モーニング娘。'18の舞台『ファラオの墓~蛇王・スネフェル~』が昨日ついに千秋楽を迎えましたね。

 

 

 

お疲れ様でした。

毎年、単独ツアーと同じかそれ以上に楽しみにしている娘。の舞台、今年も堪能させていただきました。

 

 

まさかの再演(実際は半分くらい別物でしたが)ということで最初は戸惑いましたけど、蓋を開けたらまぁ素晴らしいこと。

 

 

脚本や演出のブラッシュアップはもちろん、みんなの芝居も去年を超えてきたからこその評価だと思います。

 

 

 

 

と、まとめる前に、全公演終了したということでネタバレ全開の感想をもう少し書きたいのでお付き合いください。
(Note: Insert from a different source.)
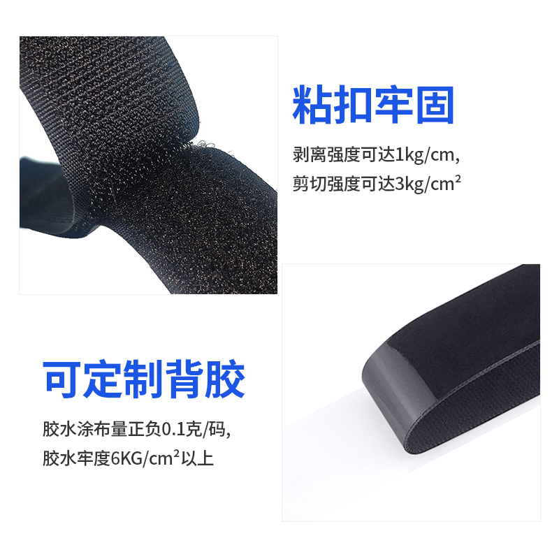应用高弹性尼龙制成的可重复使用的连接材料,对比普通魔术贴具有外观美观、色牢度高、不伤手的优点。
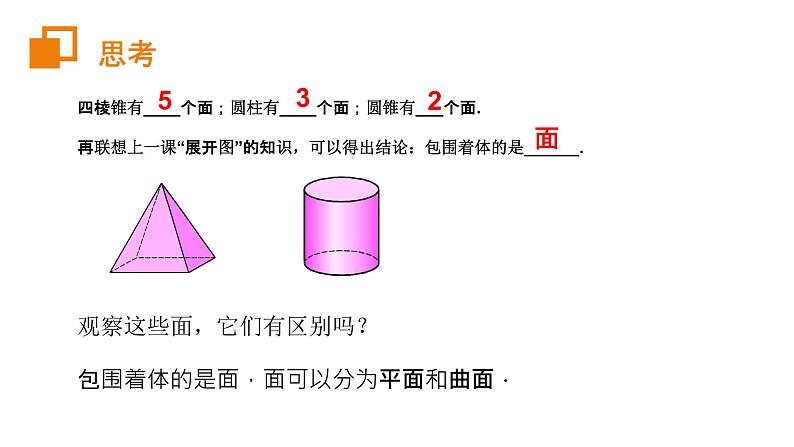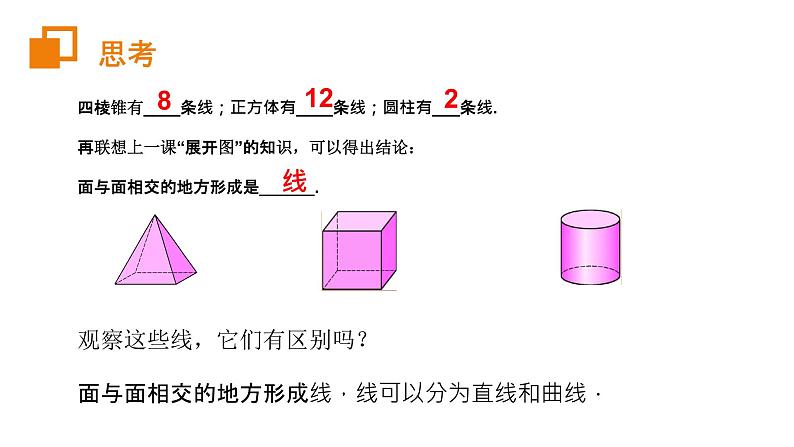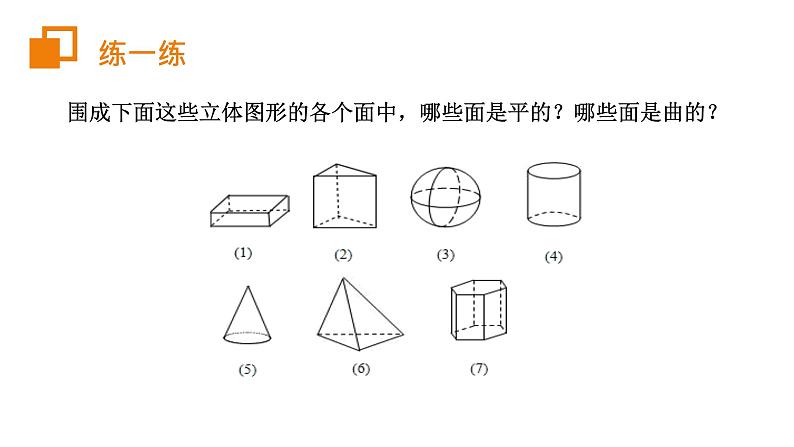 第四章 几何图形初步人教版 数学(初中) (七年级 上)主讲人:X X X时间:20XX.XXLOGO前 言学习目标1、理解点、线、面、体的概念。2、理解点、线、面、体之间的关系。3、通过学习点、线、面、体之间的关系,进一步发展抽象概括能力和形象思维能力。重点难点重点:点、线、面、体之间的关系。难点:理解点动成线,线动成面,面动成体。观察立方体,回答下面问题?1)立方体有几个面?2)面与面相交的地方形成了几条棱?3)棱与棱相交成几个顶点?①②⑤⑥③④6个12条8个思 考 立体图形又叫做几何体,简称为体。生活中常见的几何体四棱锥有____个面;圆柱有____个面;圆锥有___个面.再联想上一课“展开图”的知识,可以得出结论:包围着体的是______.观察这些面,它们有区别吗?包围着体的是面,面可以分为平面和曲面.532面 思考你能说一些生活中常见的平面和曲面吗?生活中常见的平面和曲面围成下面这些立体图形的各个面中,哪些面是平的?哪些面是曲的?练一练四棱锥有____条线;正方体有____条线;圆柱有___条线.再联想上一课“展开图”的知识,可以得出结论:面与面相交的地方形成是______.观察这些线,它们有区别吗?面与面相交的地方形成线,线可以分为直线和曲线.8122线 思考你能说一些生活中常见的直线和曲线吗?生活中常见的直线和曲线观察下面这些立方体,哪些线是直的?哪些线是曲的?练一练四棱锥有____个点;正方体有____个点.再联想上一课“展开图”的知识,可以得出结论:线与线相交的地方形成是______.观察这些点,它们有大小区别吗?线与线相交的地方形成点,点无大小.512点 思考你能说一些生活中常见的点吗?生活中常见的点观察子弹射出的过程,你发现了什么?点动成线思考观察雨刷器工作的过程,你发现了什么?线动成面思考观察下面的旋转过程中,你发现了什么?面动成体思考1.(2019·山东奚仲中学初一月考)一个几何体的展开图如图所示,则该几何体的顶点有( ).A.6 B.8 C.9 D.10【详解】解:还原几何体为三棱柱,则顶点有6个;故答案为A.课堂测试2.将下面的平面图形绕虚线旋转一周,得到的立体图形是( )【详解】解:直角三角形绕直角边旋转一周可得圆锥,长方形绕一边旋转一周可得圆柱,那么所求的图形是下面是圆锥,上面是圆柱的组合图形.故选:C.课堂测试3.如图,把左面图中的图形绕着虚线所在直线旋转一周,可以得到右面图形中的( )【详解】解:根据面动成体结合常见立体图形的形状得出只有A选项符合,故选:A.课堂测试4.圆锥可以看作是由一个________旋转得到的.( )A.矩形(长方形) B.等腰梯形 C.半圆 D.直角三角形【详解】解:圆锥可以看作是由一个直角三角形绕一条直角边旋转一周得到的,故选:D.课堂测试第四章 几何图形初步人教版 数学(初中) (七年级 上)主讲人:X X X时间:20XX.XXLOGO

例によって長いですが、このタイミングを逃すと書きどころを失うので書いちゃう。

(明日からは武道館2Daysモードになるでしょみんな)

 

 

そういうのいいからまとめた話を!という方や、DVD出るまで細かい内容知りたくないぜ!という方はバーッと下のほうまでスクロールしてください。

 

 

 

 

 

 

 

 

 

さっきも言いましたが、まず脚本と演出が良い。

あくまで「前作と比べて」ではありますが、ひとつの作品としても悪くない出来だったのではないでしょうか。

と慎重な物言いをしてみましたが、個人的にはおもしろかったです。はい。

ちなみにわたくし、原作は未読。

 

 

 

やはり主人公1人(スネフェル)に焦点を絞ったのが正解でした。

サリオキスも立派な主人公ではありますが、キャラクターとして奥行きがあるのはおそらくスネフェルのほう。

あれだけ屈折しているといろいろ描きやすいんでしょうね。ピカレスク的な魅力というか、アンパンマンよりバイキンマンに肩入れしたくなるあの感情。(という例えは微妙に合ってない気もする)

 

 

今回はなんといってもスネフェルの母親であるメリエト皇太后の存在が大きかったと思います。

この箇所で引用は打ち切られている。